Linus Torvalds announced the release of the 2.6.38 kernel on March 14. Like its predecessors, 2.6.38 incorporates a lot of work – over 9,500 patches from over 1,100 developers. There are a number of useful changes, including some important scalability improvements, but, in my mind, the most interesting theme behind this kernel is that of making advanced features Just Work.

“Pages” are the units of memory as understood by the processor’s memory management unit. Since the beginning, Linux has used 4096-byte pages on most architectures – the smallest size that the MMU understands. Contemporary processors can handle a number of page sizes simultaneously, though, with 2MB or 4MB often being the next largest size available. Larger pages require less overhead to manage, but the real value to their use is that they greatly increase the amount of memory which can be covered by the processor’s translation lookaside buffer (TLB). The TLB, which caches virtual-to-physical address translations, is a severely limited resource on most systems. But it is important; a TLB miss can cost many hundreds of processor cycles even if the destination page is fully resident in memory. A 2MB page requires one TLB entry; the same memory, in 4096-byte pages, needs 512 TLB entries. So using huge pages can save a lot of TLB misses, leading to significant performance increases, especially in virtualized situations.

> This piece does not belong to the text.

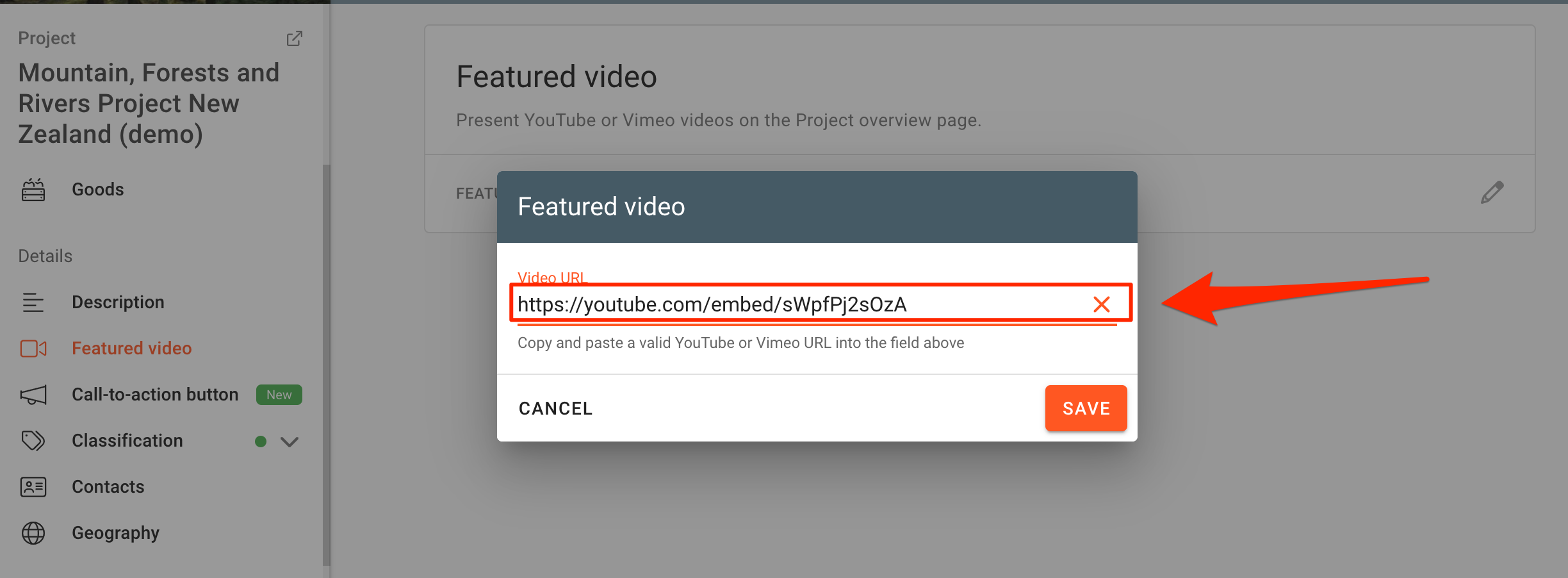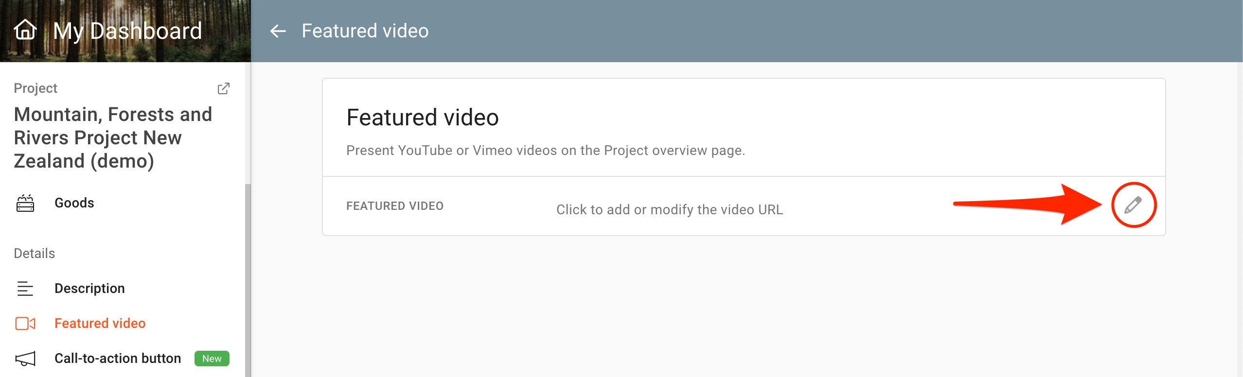 To add a video, navigate to the Project Management Panel and select “Featured Video” on the menu on the left. This will open the Featured Video management page.

Linux has supported the use of huge pages for years, but they have been painful to use. The pages must be explicitly set aside by the system administrator at system boot, and applications have to jump through special hoops to use them; see this series of articles for details on how it all works. The key point is that the fiddly nature of huge pages meant that there were few users; use of this feature was mostly limited to large database installations.

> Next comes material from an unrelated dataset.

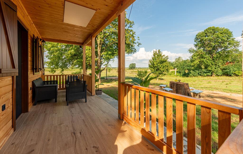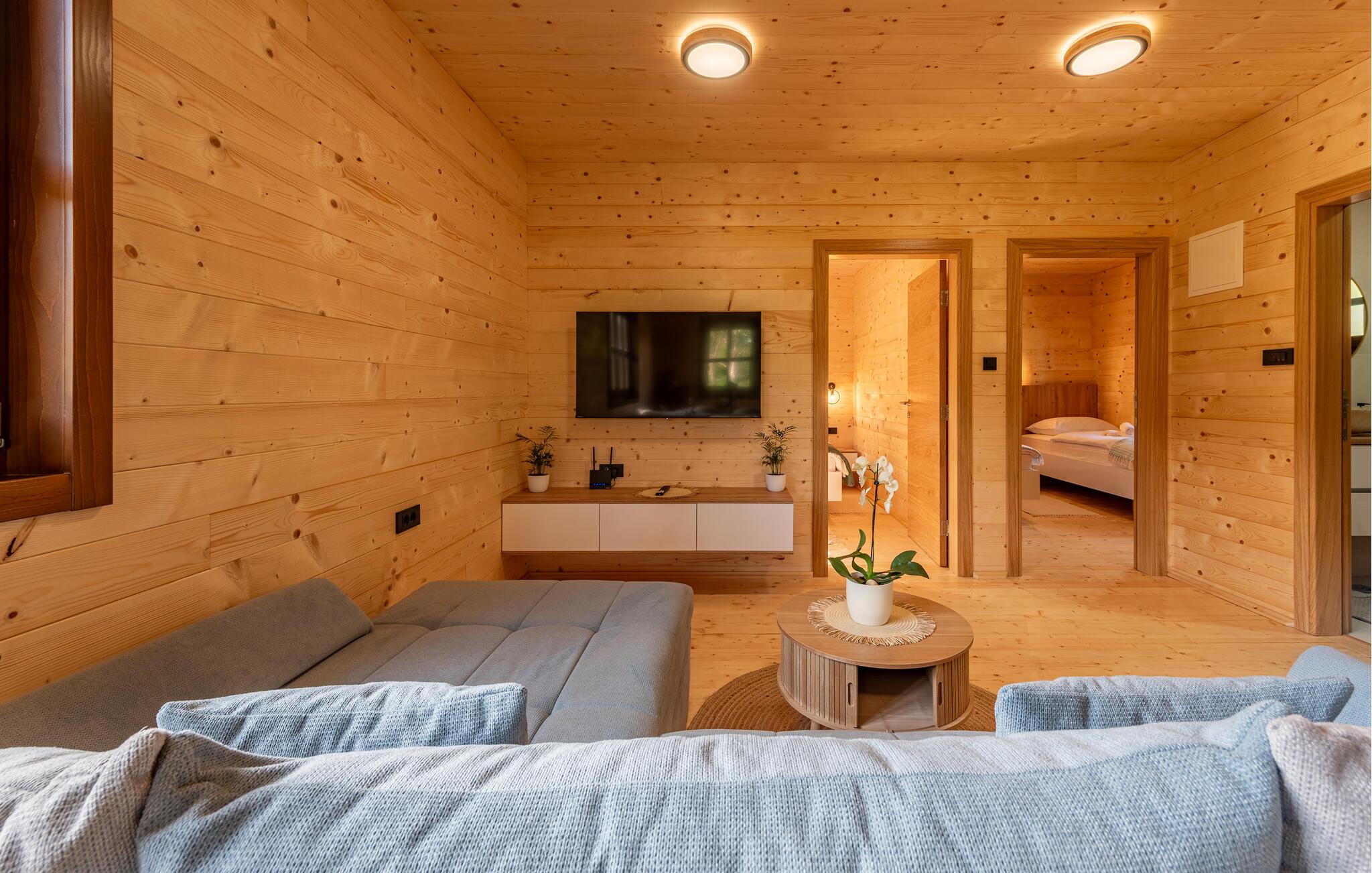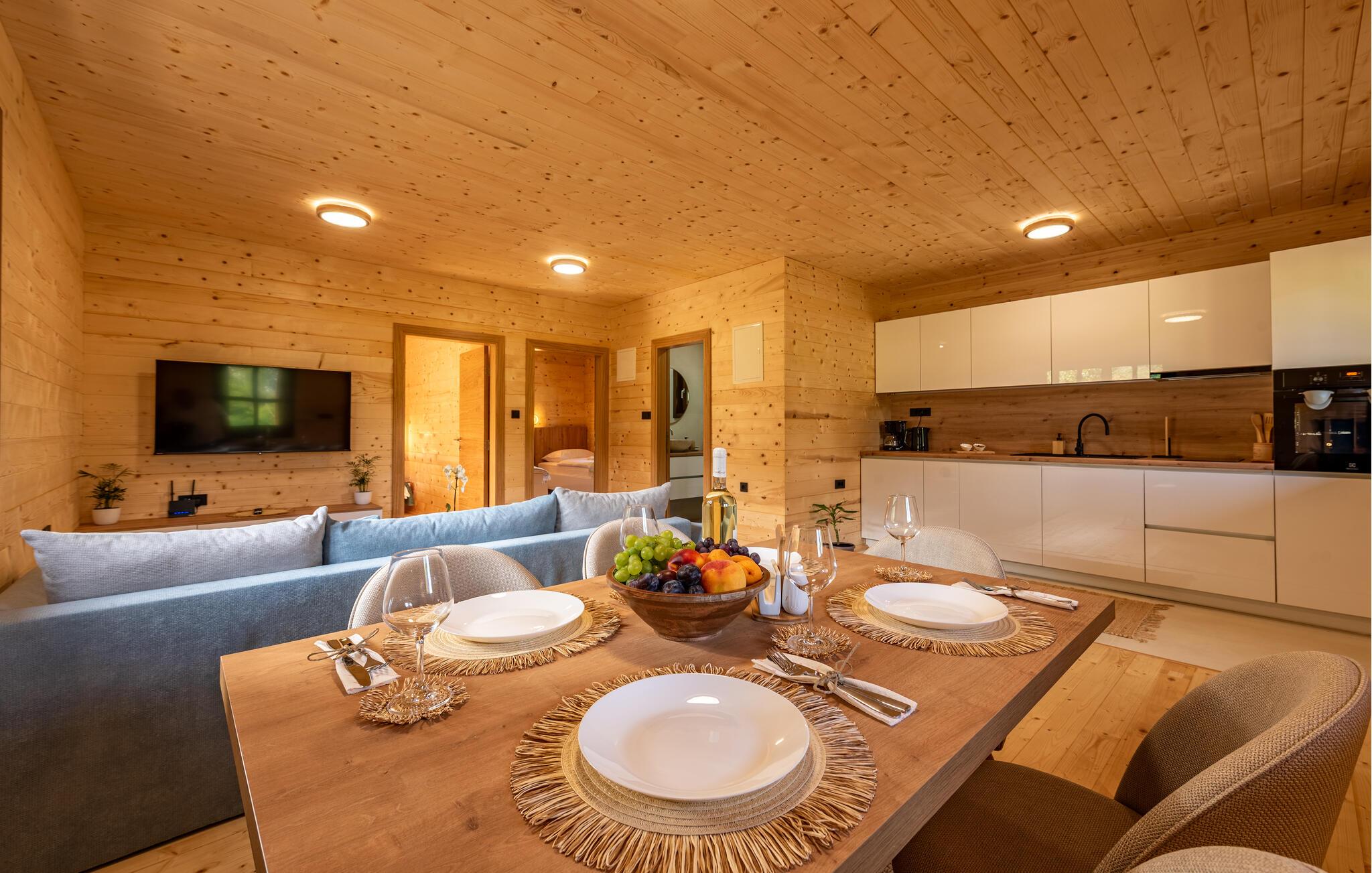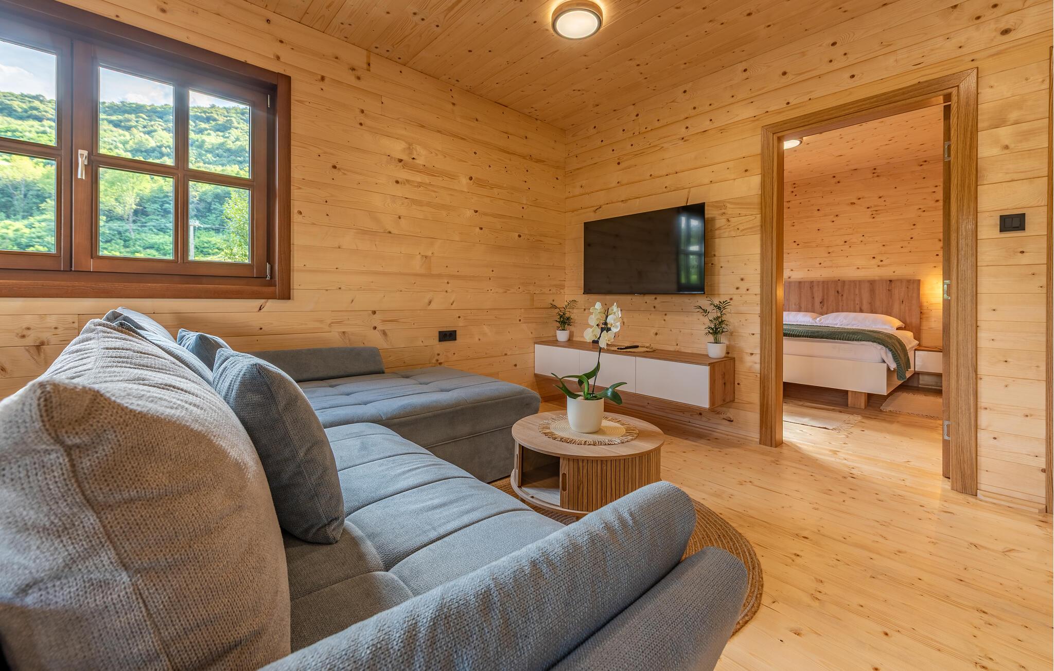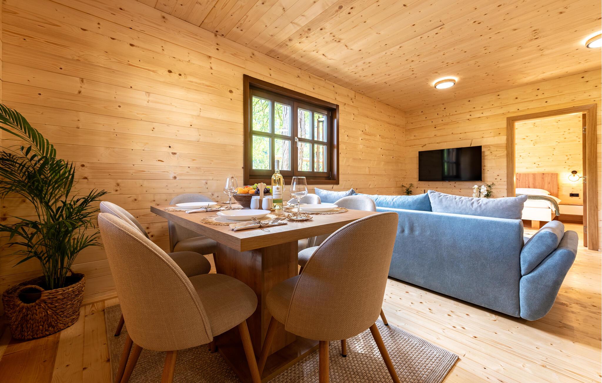 Velkommen til dette komfortable træhus, hvor I kan genoplade batterierne med jeres kære i en hyggelig atmosfære. Glæd jer til harmoniske måltider ved spisebordet, og stream en spændende film om aftenen, mens I hygger jer med hele familien i den behagelige sofa.

2.6.38 adds the transparent huge page (THP) feature. Rather than requiring administrator setup and application changes, THP simply substitutes huge pages for the regular kind whenever they are available and it appears to make sense. The result is that Linux systems take advantage of this hardware feature and run faster on almost all workloads – with no additional effort from administrators, developers, or users.

Group scheduling is another longstanding (since 2.6.26) Linux feature that has seen relatively little use. Group scheduling allows the processes running on a system to be partitioned into groups. Each group then contends for CPU time as a single unit; for each slide of CPU time given to a given control group, all of the processes within that group then contend to run. This feature creates an amount of isolation between groups of tasks, limiting the degree to which they can interfere with each other.

Once again, this feature was not heavily used because it required a certain amount of administrator-heavy setup to use. With 2.6.38, we now have automatic per-session group scheduling; this is the famous “200-line kernel” patch which got so much attention late last year. This patch (more like 700 lines by the time it was merged) automatically partitions processes into groups based on their session ID, essentially creating one group for each logged-in session. That separates users from each other and from system tasks without anybody even having to think about it.

I recently encountered the benefits of this feature when two-dozen processes simultaneously ran amok on my desktop system. See this article for a description of what happened then. In short, all of those processes destroyed system response – for themselves. Other processes, including those I created when logging in over the network to investigate the problem, were able to run normally, barely noticing the riot which was under way in a different control group. In a few moments, I was convinced of the value of this feature.

I think we will see more of this kind of change in the future. Linux has a lot of advanced features which can make the system run better and faster, but Linux-specific features are often underused. Users may simply not know about them and developers will be reluctant to add Linux-specific code to their programs. But if these features simply work without the need for specific action from anybody, they will benefit the Linux user base as a whole.